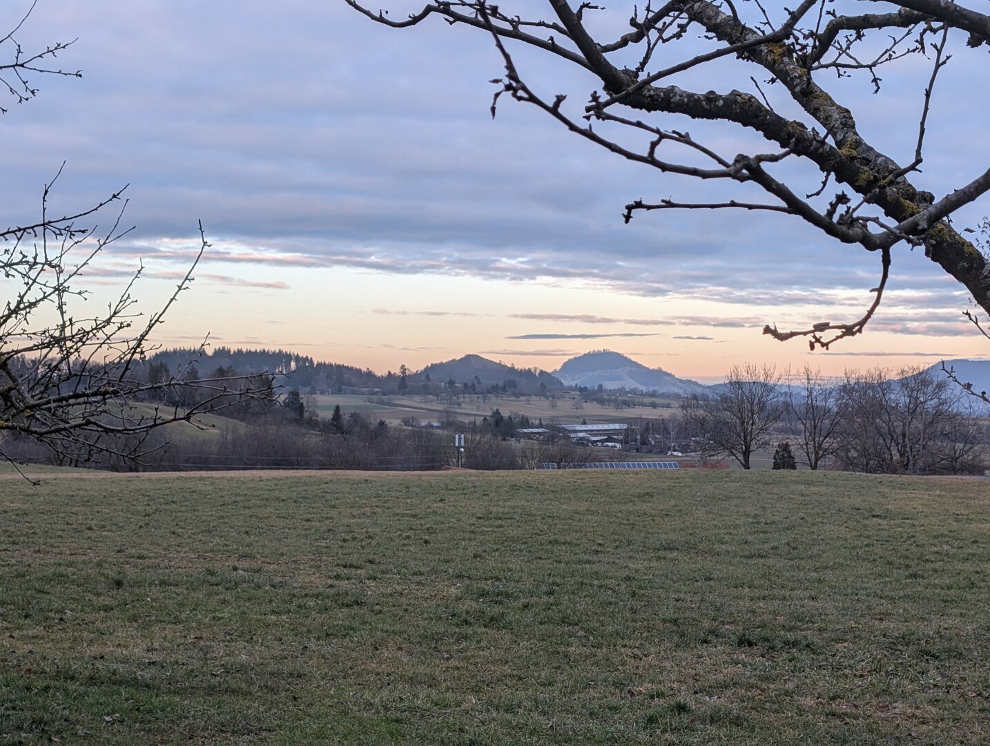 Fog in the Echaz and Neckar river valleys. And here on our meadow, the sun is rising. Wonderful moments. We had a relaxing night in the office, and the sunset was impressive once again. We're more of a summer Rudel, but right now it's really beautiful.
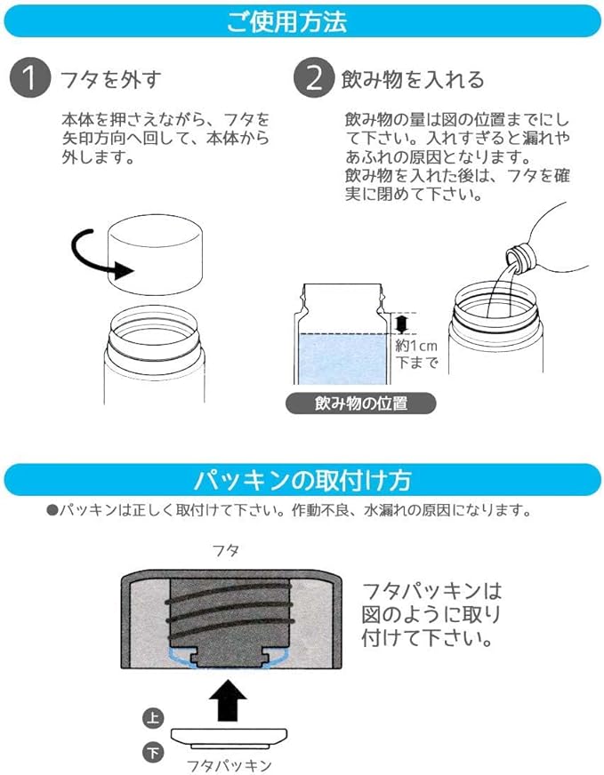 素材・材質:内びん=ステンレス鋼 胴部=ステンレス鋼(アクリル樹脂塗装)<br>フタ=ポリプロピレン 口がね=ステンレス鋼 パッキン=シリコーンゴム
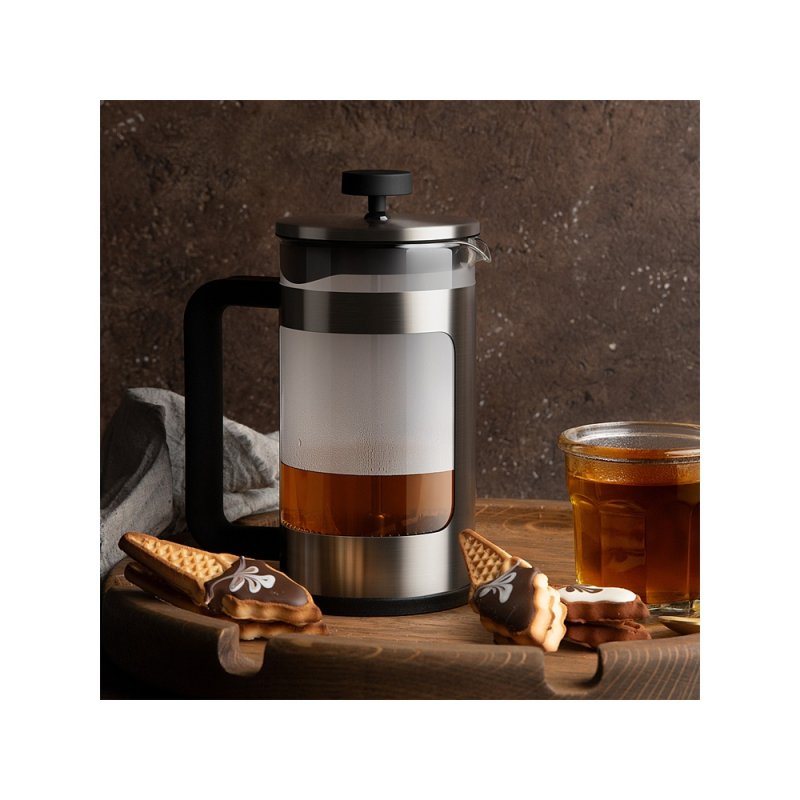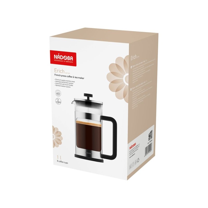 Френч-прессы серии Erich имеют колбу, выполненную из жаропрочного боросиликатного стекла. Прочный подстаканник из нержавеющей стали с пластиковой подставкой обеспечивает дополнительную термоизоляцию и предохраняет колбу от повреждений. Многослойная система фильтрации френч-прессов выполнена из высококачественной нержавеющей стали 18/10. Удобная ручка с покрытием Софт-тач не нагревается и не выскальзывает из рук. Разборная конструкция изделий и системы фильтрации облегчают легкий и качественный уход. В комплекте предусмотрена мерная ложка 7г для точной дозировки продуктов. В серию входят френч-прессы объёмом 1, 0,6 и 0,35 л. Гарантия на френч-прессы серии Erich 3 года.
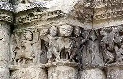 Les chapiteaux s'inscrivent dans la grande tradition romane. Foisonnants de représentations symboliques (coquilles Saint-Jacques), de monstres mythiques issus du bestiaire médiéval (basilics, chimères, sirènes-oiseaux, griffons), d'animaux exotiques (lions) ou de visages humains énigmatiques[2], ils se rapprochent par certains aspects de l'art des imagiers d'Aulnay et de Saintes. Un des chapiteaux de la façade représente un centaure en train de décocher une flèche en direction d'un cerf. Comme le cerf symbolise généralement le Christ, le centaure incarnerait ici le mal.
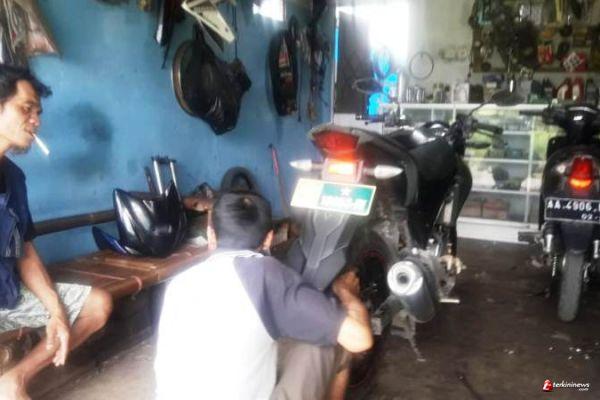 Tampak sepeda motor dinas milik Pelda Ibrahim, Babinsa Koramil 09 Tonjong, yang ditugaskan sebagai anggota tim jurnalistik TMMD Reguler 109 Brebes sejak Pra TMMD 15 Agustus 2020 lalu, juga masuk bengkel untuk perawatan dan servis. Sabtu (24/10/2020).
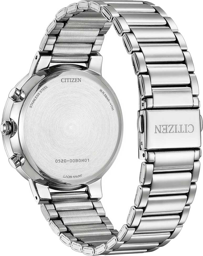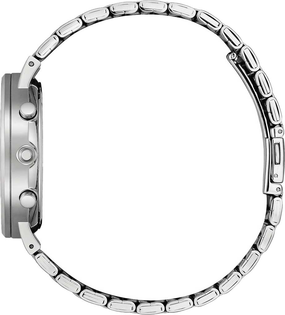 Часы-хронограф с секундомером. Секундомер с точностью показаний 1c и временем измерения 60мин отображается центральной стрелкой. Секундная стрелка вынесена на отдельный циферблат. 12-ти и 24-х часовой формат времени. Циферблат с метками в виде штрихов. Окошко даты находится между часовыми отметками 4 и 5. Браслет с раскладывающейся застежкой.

> [TO DO]:
The lines from the one with "Tampak sepeda motor" to the end of the data above should be retyped exactly, both ends included, and pictures are to be left out.

> [WRITTEN ANSWER]:
 Tampak sepeda motor dinas milik Pelda Ibrahim, Babinsa Koramil 09 Tonjong, yang ditugaskan sebagai anggota tim jurnalistik TMMD Reguler 109 Brebes sejak Pra TMMD 15 Agustus 2020 lalu, juga masuk bengkel untuk perawatan dan servis. Sabtu (24/10/2020).
 Часы-хронограф с секундомером. Секундомер с точностью показаний 1c и временем измерения 60мин отображается центральной стрелкой. Секундная стрелка вынесена на отдельный циферблат. 12-ти и 24-х часовой формат времени. Циферблат с метками в виде штрихов. Окошко даты находится между часовыми отметками 4 и 5. Браслет с раскладывающейся застежкой.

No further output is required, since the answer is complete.